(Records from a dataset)
▽
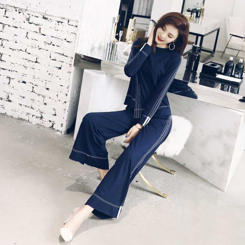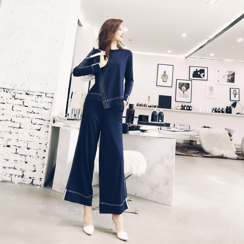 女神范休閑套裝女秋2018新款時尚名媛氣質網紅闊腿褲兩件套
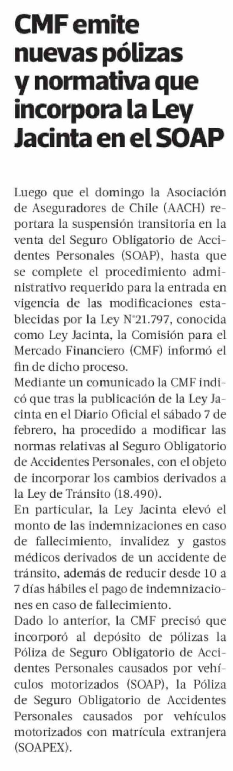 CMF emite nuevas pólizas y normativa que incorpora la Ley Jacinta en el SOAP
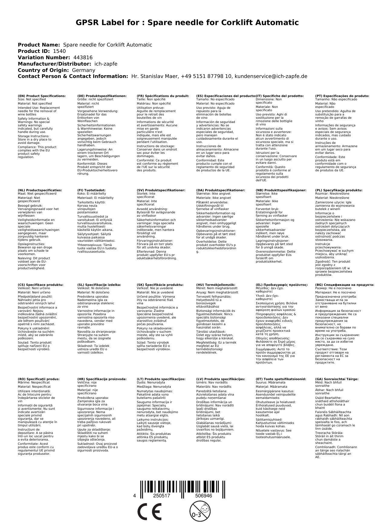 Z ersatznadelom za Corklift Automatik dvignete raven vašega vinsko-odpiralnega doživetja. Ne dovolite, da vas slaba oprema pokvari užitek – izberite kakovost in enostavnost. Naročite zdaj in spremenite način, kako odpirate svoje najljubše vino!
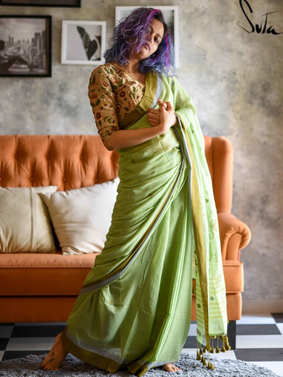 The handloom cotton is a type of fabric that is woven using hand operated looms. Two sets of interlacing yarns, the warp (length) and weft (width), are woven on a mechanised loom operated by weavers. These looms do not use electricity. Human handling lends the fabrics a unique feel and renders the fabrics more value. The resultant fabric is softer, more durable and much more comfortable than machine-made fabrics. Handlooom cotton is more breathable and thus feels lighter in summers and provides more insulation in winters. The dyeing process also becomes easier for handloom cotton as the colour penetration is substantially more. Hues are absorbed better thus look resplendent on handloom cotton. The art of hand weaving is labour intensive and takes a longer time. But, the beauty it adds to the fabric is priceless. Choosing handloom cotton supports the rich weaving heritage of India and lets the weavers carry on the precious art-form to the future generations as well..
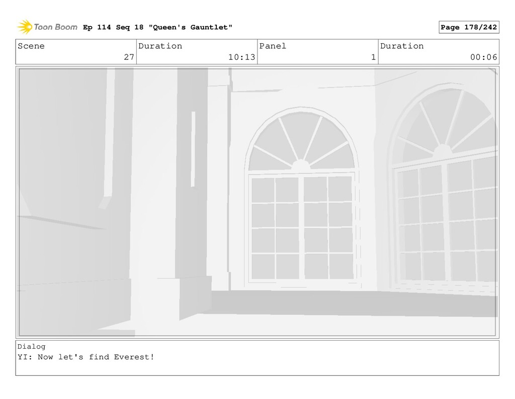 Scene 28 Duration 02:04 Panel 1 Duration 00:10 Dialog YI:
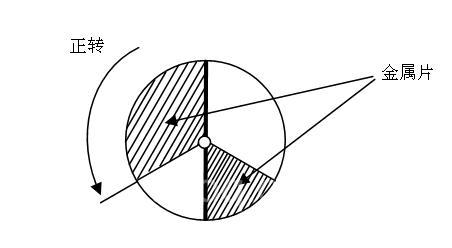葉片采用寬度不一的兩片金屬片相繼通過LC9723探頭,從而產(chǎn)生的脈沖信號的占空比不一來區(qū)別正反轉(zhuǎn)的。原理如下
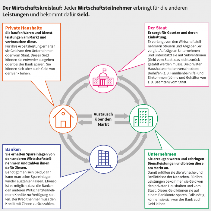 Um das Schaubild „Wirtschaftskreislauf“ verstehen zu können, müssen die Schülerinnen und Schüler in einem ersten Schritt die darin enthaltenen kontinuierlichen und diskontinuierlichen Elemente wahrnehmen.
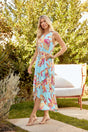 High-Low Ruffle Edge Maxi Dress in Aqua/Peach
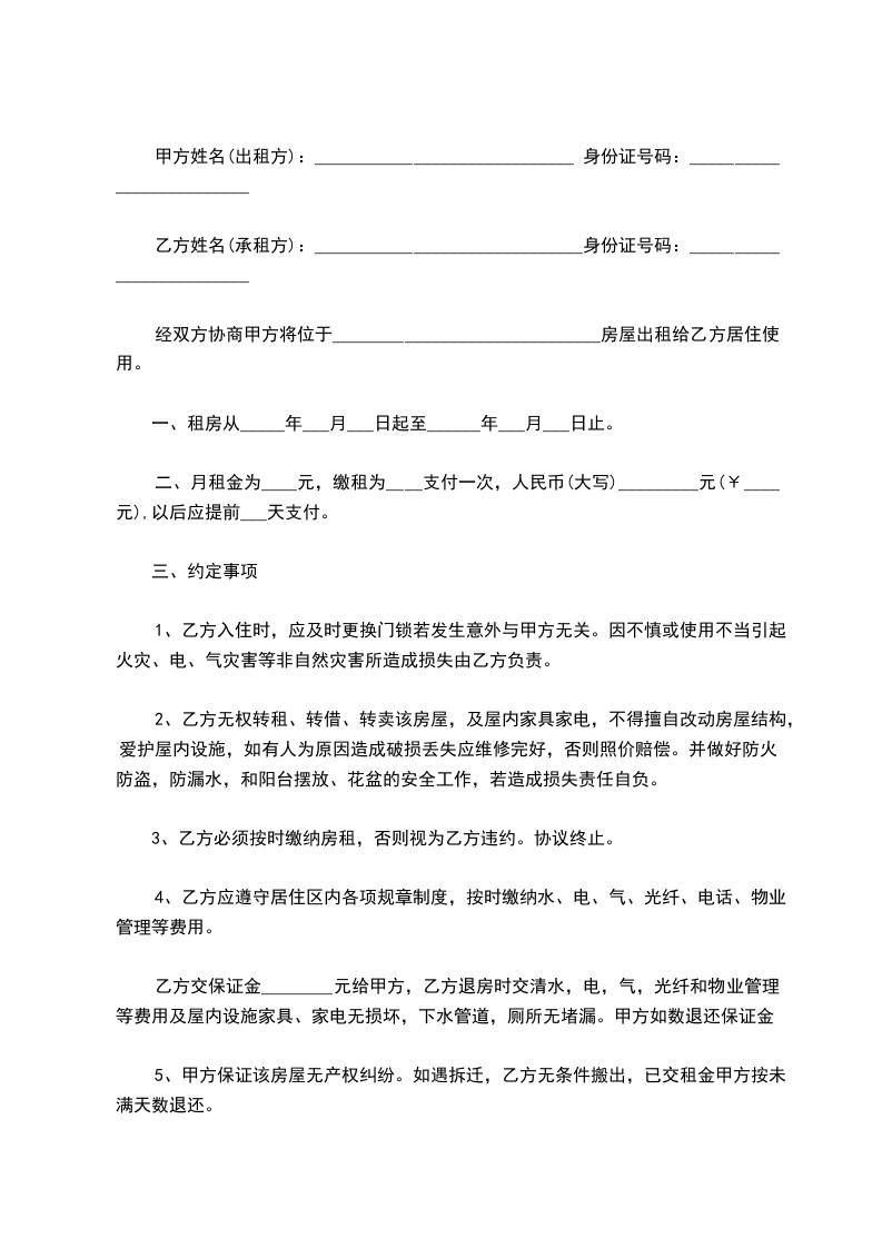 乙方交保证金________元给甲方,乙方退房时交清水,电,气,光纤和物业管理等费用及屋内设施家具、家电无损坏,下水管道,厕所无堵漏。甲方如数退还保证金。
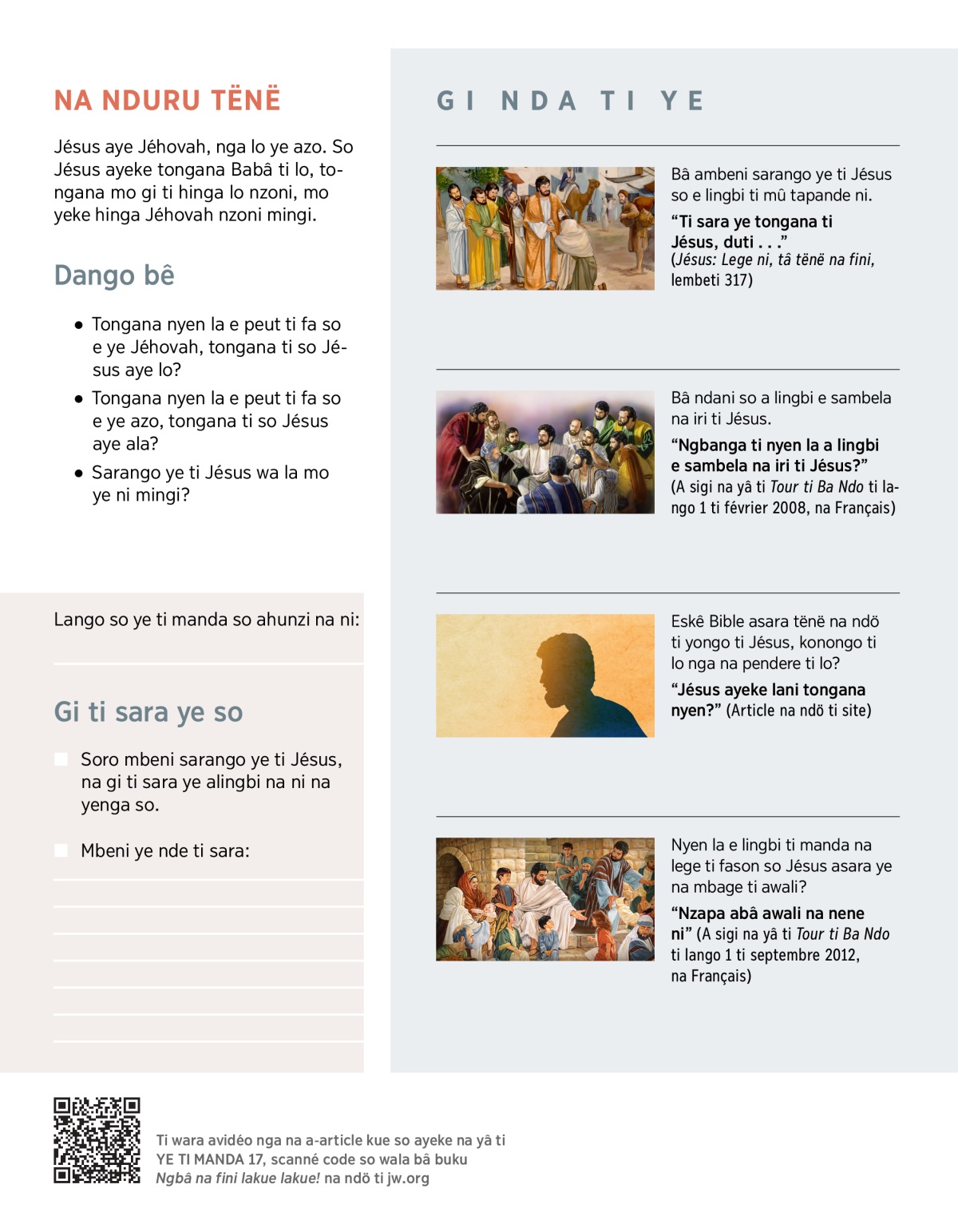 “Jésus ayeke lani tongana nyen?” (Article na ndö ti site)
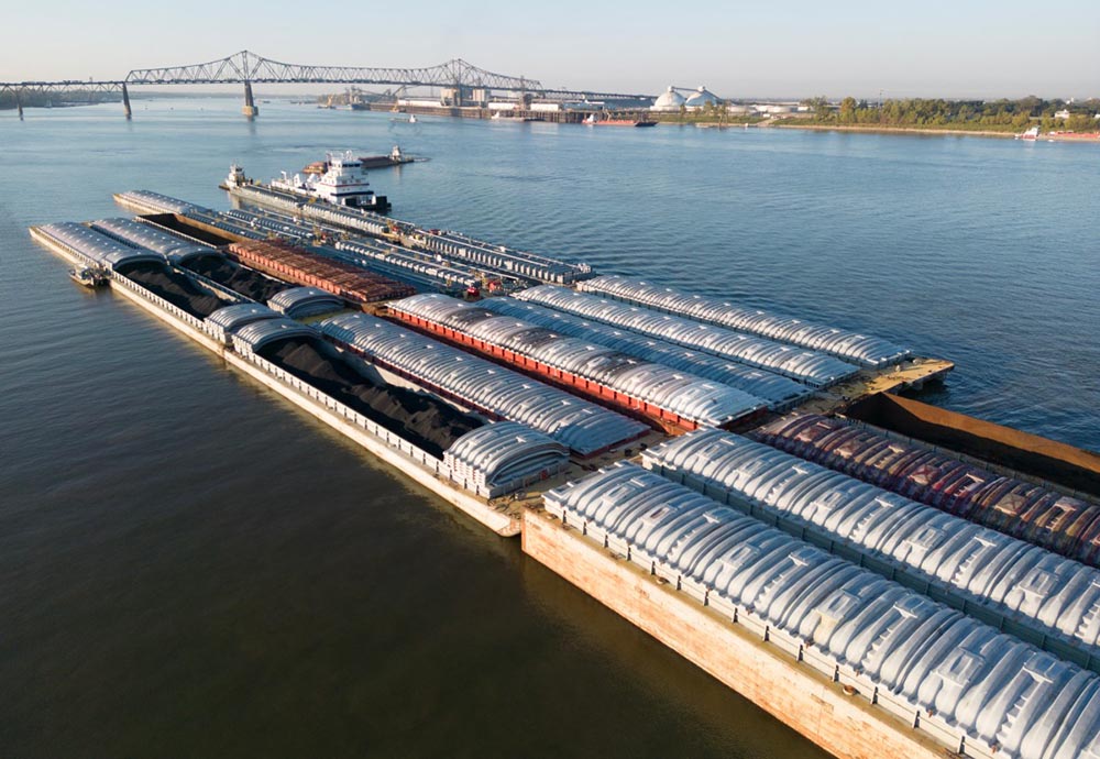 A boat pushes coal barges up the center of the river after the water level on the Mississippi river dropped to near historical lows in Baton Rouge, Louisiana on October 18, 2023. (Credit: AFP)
△
Retype the data word for word, please, and keep the images out.

SOLUTION FOR THIS EXERCISE =
 女神范休閑套裝女秋2018新款時尚名媛氣質網紅闊腿褲兩件套
 CMF emite nuevas pólizas y normativa que incorpora la Ley Jacinta en el SOAP
 Z ersatznadelom za Corklift Automatik dvignete raven vašega vinsko-odpiralnega doživetja. Ne dovolite, da vas slaba oprema pokvari užitek – izberite kakovost in enostavnost. Naročite zdaj in spremenite način, kako odpirate svoje najljubše vino!
 The handloom cotton is a type of fabric that is woven using hand operated looms. Two sets of interlacing yarns, the warp (length) and weft (width), are woven on a mechanised loom operated by weavers. These looms do not use electricity. Human handling lends the fabrics a unique feel and renders the fabrics more value. The resultant fabric is softer, more durable and much more comfortable than machine-made fabrics. Handlooom cotton is more breathable and thus feels lighter in summers and provides more insulation in winters. The dyeing process also becomes easier for handloom cotton as the colour penetration is substantially more. Hues are absorbed better thus look resplendent on handloom cotton. The art of hand weaving is labour intensive and takes a longer time. But, the beauty it adds to the fabric is priceless. Choosing handloom cotton supports the rich weaving heritage of India and lets the weavers carry on the precious art-form to the future generations as well..
 Scene 28 Duration 02:04 Panel 1 Duration 00:10 Dialog YI:
葉片采用寬度不一的兩片金屬片相繼通過LC9723探頭,從而產(chǎn)生的脈沖信號的占空比不一來區(qū)別正反轉(zhuǎn)的。原理如下
 Um das Schaubild „Wirtschaftskreislauf“ verstehen zu können, müssen die Schülerinnen und Schüler in einem ersten Schritt die darin enthaltenen kontinuierlichen und diskontinuierlichen Elemente wahrnehmen.
 High-Low Ruffle Edge Maxi Dress in Aqua/Peach
 乙方交保证金________元给甲方,乙方退房时交清水,电,气,光纤和物业管理等费用及屋内设施家具、家电无损坏,下水管道,厕所无堵漏。甲方如数退还保证金。
 “Jésus ayeke lani tongana nyen?” (Article na ndö ti site)
 A boat pushes coal barges up the center of the river after the water level on the Mississippi river dropped to near historical lows in Baton Rouge, Louisiana on October 18, 2023. (Credit: AFP)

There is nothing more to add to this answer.